No, No, No keep it as it is, it stunning. Leave it! 

Chrisboldo


----------



## lynnlassiter (Jun 30, 2011)

it is very beautiful the way it is. finish it!


----------



## rosemarya (May 25, 2013)

This is so beautiful! Please don't change a thing.


----------



## twray (Nov 7, 2012)

this was my first thought. if you haven't joined the panels then you should be able to turn one around (end to end) and reverse the pattern.



dcomcca said:


> Could you turn one of the panels upside down?


----------



## Knitnutty (Feb 9, 2011)

dcomcca said:


> Could you turn one of the panels upside down?


Try this or just leave it as it is. They will never even notice it. It's so beautiful.


----------



## KnittingSquare (Sep 9, 2012)

It is beautiful the way it is......perfect


----------



## knitting_mama (Jan 30, 2011)

dcomcca said:


> Could you turn one of the panels upside down?

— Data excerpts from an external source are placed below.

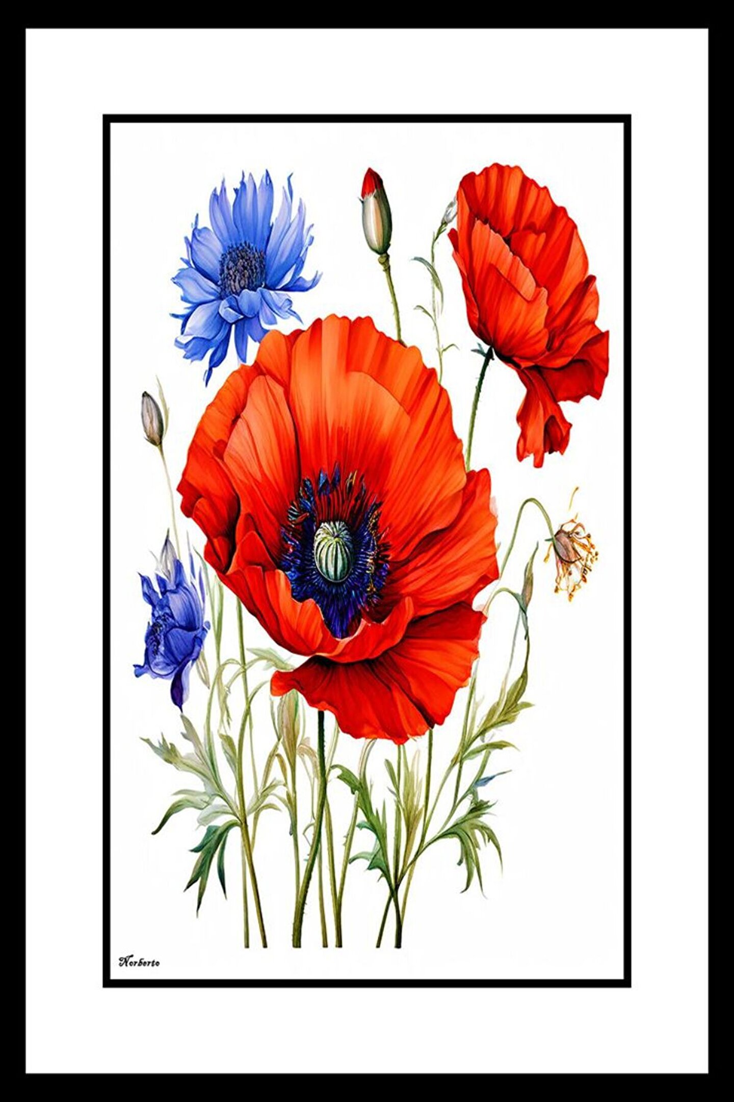 Mavi Kırmız Çiçekler Digital Art ( ÇERÇEVESİZ - ÇERÇEVE YOKTUR ) ( ULTRA HD ) FOLYO AFİŞ - POSTER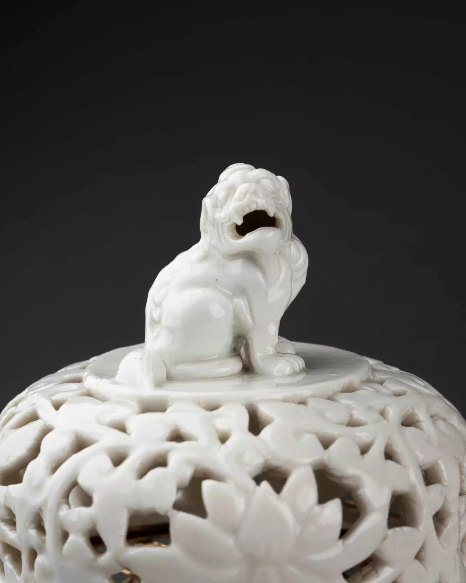 Les bouchons sont surmontés de chiens de Fô, ils sont porcelaine réticulée à décor ajouré de fleurs de lotus finement incisées.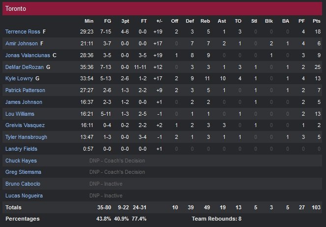 Bousculés par Amir Johnson (retourné au vestiaire après avoir aggravé son entorse de la cheville dans la troisième quart-temps) et Jonas Valanciunas, de retour dans la rotation, les Wizards n’ont jamais trouvé la solution. Ross inscrit 11 points dans le seul premier quart-temps pour aider Toronto à mener 28-18 après 12 minutes. Williams ajoute 9 points dans le deuxième quart, DeRozan 8 et les Raptors rentrent au vestiaire sereins avec une belle avance, 59-35. Malgré 13 ballons perdus (leur plus mauvais total cette saison), les Raptors ne sont pas inquiétés par des Wizards qui n’ont jamais aussi peu marqué dans chaque quart-temps cette saison (18 dans le premier, 17 dans le deuxième et 35 en première mi-temps) et qui a shooté à 3/19 derrière la ligne à 3-points toute la soirée.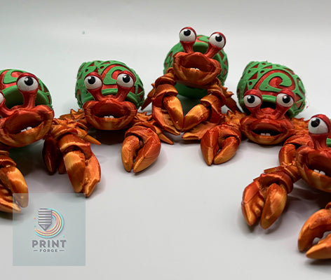 Meet your new desk companion! This cheerful hermit crab features oversized expressive eyes and a uniquely tattooed shell that's bursting with personality. Crafted through precision 3D printing with articulated joints, it's fully poseable—twist, turn, and position it however you like. Perfect for adding a splash of quirky charm to your workspace, shelf, or collection. A delightful conversation starter that brings a smile every time you glance its way.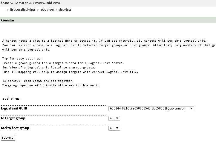 - We select the logical unit GUID, and I set the target group and host group to all, since this is in a test isolated network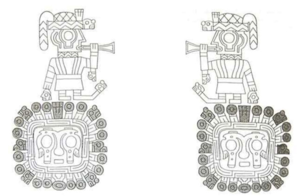 Меркурий – самая близкая к Солнцу планета. В общем изображении календаря на Вратах Солнца в Тиуанако – рис. 17, найти Меркурий просто. Ведь эта планета ближайшая к Солнцу, следовательно нужно найти фигуру, изображенную вплотную к цепочке меандра. Такая фигурка уже была найдена и в разделе «Два типа изображений Меркурия на календаре Тиуанако». В результате определена фигурка ранних времен, изображенная на рис. 10Б. Повторяем этот рисунок – рис. 52.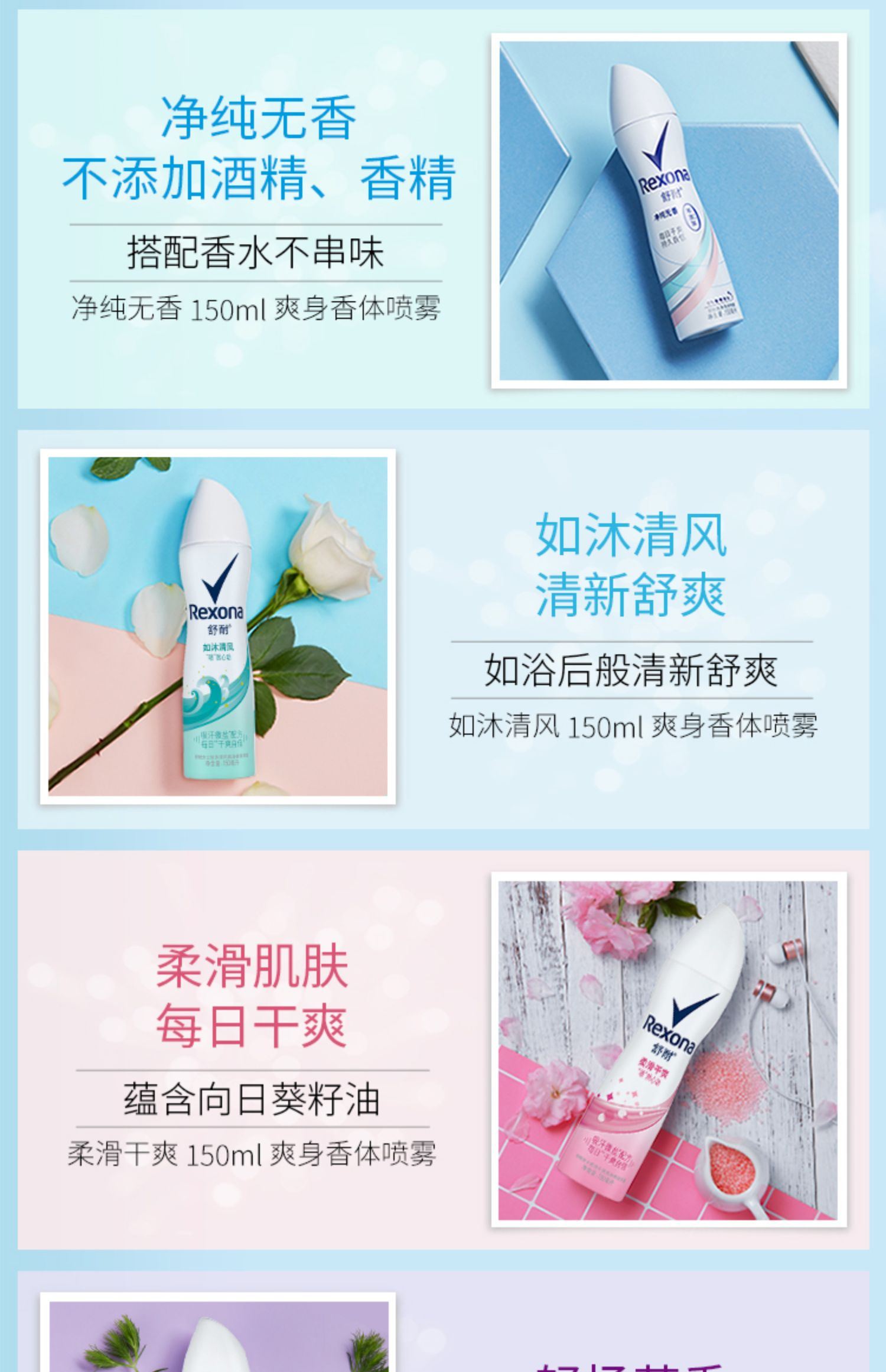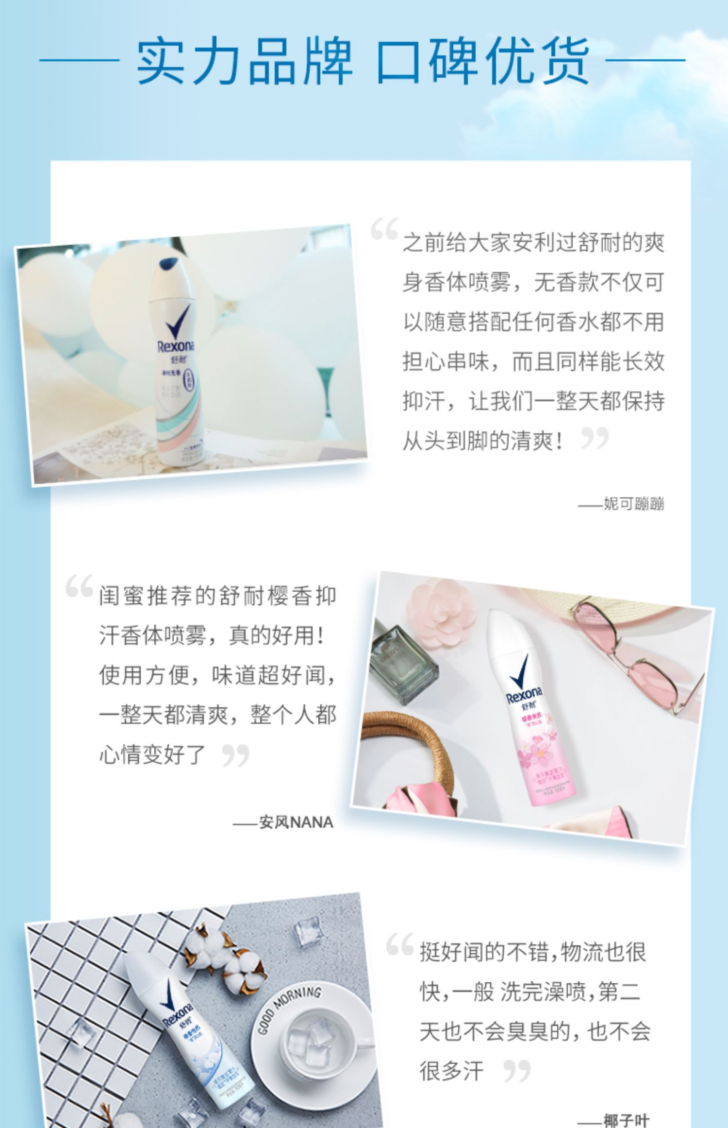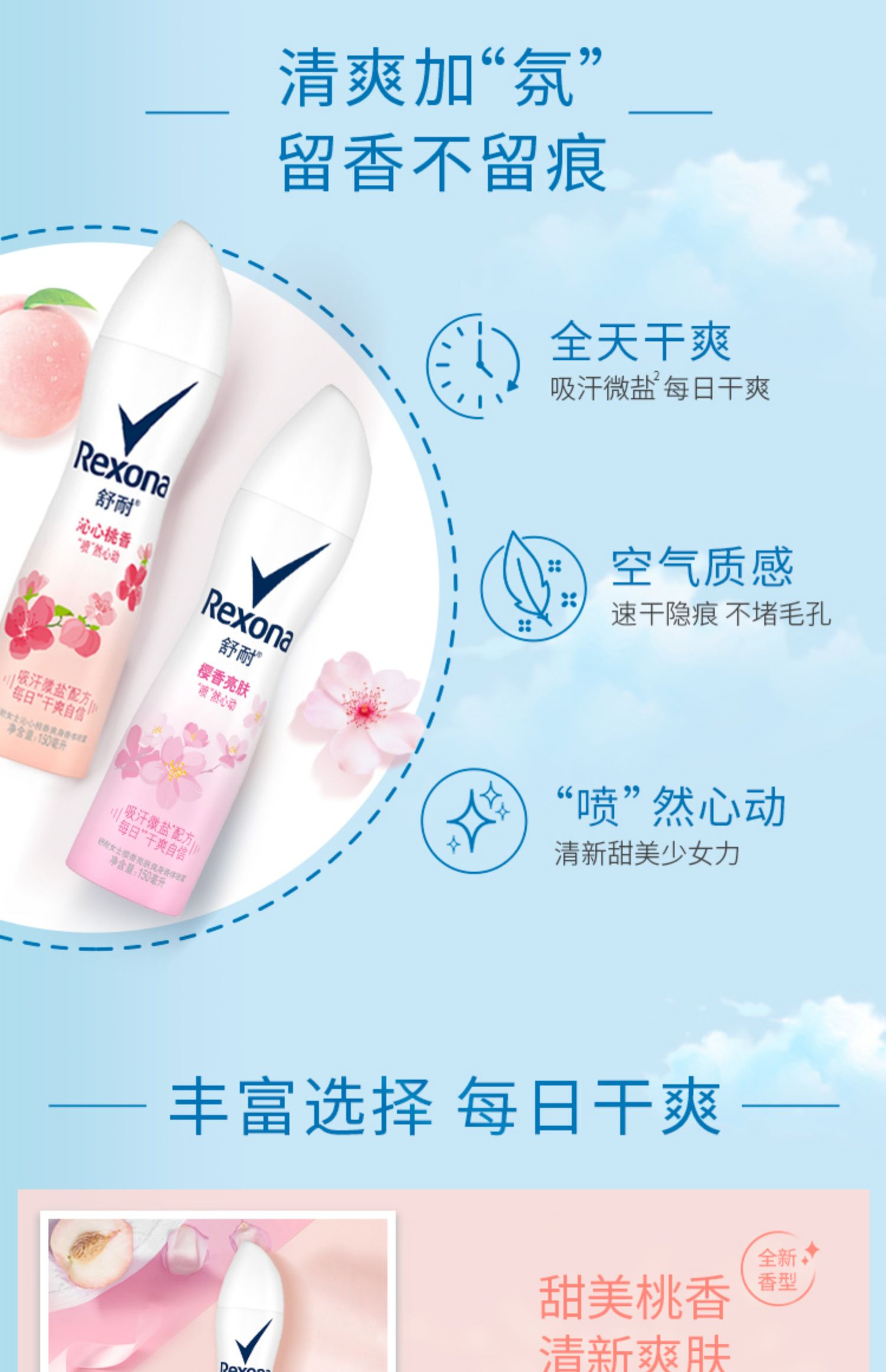 【门店直发 支持同城配送】Rexona舒耐止汗喷雾女士/男士持久淡香氛新清爽全身消除腋下异味150g

Exactly what I would've done!


----------



## julietinboots (Feb 19, 2011)

Beautiful color on that afghan and the knitting is perfect. It looks just like it was supposed to be the way it is.


----------



## LadyLibrarian (Oct 7, 2011)

Don't mention a mistake and give that wonderful gift..They will never realize it.so so just act like that was the pattern.


----------



## afoster (Jun 10, 2012)

I think it looks great. I wouldn't change it at all.


----------



## Janina (May 2, 2011)

Please do not touch your afghan, it is perfect and if you want to touch it, just weave in the tails, it is BEAUTIFUL. :thumbup: :thumbup:


----------



## Friederike (Aug 26, 2011)

This is gorgeous! I see nothing wrong with 2 panels being the same. I like the way you have them in the picture. Absolutely a work of art :thumbup:


----------



## tookie (Jan 30, 2012)

Beautiful just the way it is. I vote no "don't frog".


----------



## KNITTEN NANA (Apr 2, 2011)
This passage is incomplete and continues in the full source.